Even though business interruption coverage is one of the most important components of an insured’s property loss insurance program, many companies fail to fully evaluate the benefits and limitations of their policies before a disaster strikes. Not only is it critical that a company have adequate coverage, but they must also ensure that their claim is prepared correctly. Failure to do so can lead to a number of issues.
Mistake #1: Overestimating losses.
Performing a comprehensive analysis of an insured’s business interruption claim requires a careful review of the loss calculation methodologies employed by the claims evaluator. As a result, there is the potential for mistakes to occur in the calculation of business income loss and extra expenses.

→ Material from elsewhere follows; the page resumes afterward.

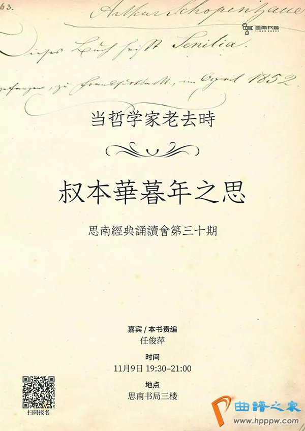 叔本华(Arthur Schopenhauer,1788-1860)是德国著名哲学家,唯意志主义和现代悲观主义创始人。他也是一位优秀的散文家和箴言家,《叔本华暮年之思》收录了叔本华生前未公开的两部作品,《老之境》与《自我拷问——沉思录》。《老之境》是他晚年的随想,一本老来充满智慧箴言的著作;《自我拷问——沉思录》是他晚年“面对自我”的观察,表达了对自己本性中的弱点的讽刺与无奈,有点“忏悔录”的味道,可说是作者对自己生命的最后告白。本周五晚,我们将一起诵读《叔本华暮年之思》,本书责编任俊萍老师将带领我们走进叔本华晚年的思想世界。

A Common mistake in business interruption claims occurs when finished goods insured at selling price are included as part of the BI claim without properly matching the valuation between the inventory and the BI loss calculation (revenue/selling prices versus margin or net BI value). Another frequent error is the failure to recognize that continuing expenses may not necessarily continue during the duration of the BI loss. Depending on the policy form and the method of valuation, this can lead to confusion and conflict in the BI loss calculation.
As the coronavirus crisis continues to disrupt global supply chains and sends customers scurrying for gauze, insurers are engaged in a scramble to assess losses related to their property, business interruption, and extra expense policies. To help ensure that the insured is properly compensated, many insurers seek the services of external forensic accountants to perform a detailed analysis of these complex engagements.